Vinod Nair, Head of Research, Geojit Financial Services said, "The domestic market started the session with a strong surge, buoyed by positive global sentiment amidst Israel-Hamas ceasefire talks and diminishing US recession fears due to recent favourable data. Concurrently, easing geopolitical risks and weak China demand have led to a decline in crude prices, benefiting the domestic economy. Meanwhile, inflationary pressure in Japan and the appreciating Yen cautioned the rally. This week’s Japan inflation data and FOMC minutes will provide insights into future interest rate trajectories and market trends."

The decline in Brent crude below $78 is a macro positive for India. At the micro level this can lead to mild rally in stocks of companies that use crude as input such as paints, adhesives and tyres.

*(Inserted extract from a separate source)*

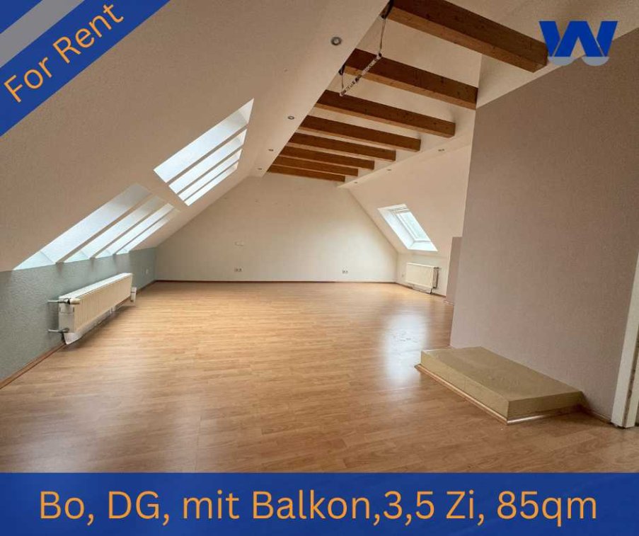 Die Wohnung befindet sich in einem gepflegten Mehrfamilienhaus in Bochum Altenbochum. Die Wohnung liegt im DG links und ist 85 qm groß. Die Wohnung verteilt sich auf zwei Etagen die mittels interner Treppe verbunden sind. In der unteren Etage befinden sich Flur, Küche, Arbeitszimmer, Bad und Wohnzimmer mit Zugang zum Balkon. In der oberen Etage befindet sich das große Schlafzimmer mit Ankleideraum.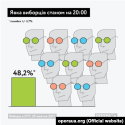 Явка коливалась залежно від дільниці до дільниці. Утім, у громадянській мережі «Опора» ввечері 29 жовтня повідомили, що вона склала 48,2%.

Sectorally, banking and financial services were the most upbeat with gains of over 1 per cent, followed by IT stocks while the FMCG and media indices traded with mild weakness. "Paradoxically, financials are the most attractive segment from the valuation perspective even though the struggle for deposits is keeping the sentiments negative for this segment. When the scenario changes there is a possibility of a sharp up move in financials," remarked Vijaykumar of Geojit.

Meanwhile, European stocks traded mixed with FTSE index down by 0.71 per cent, while French CAC traded with marginal gains.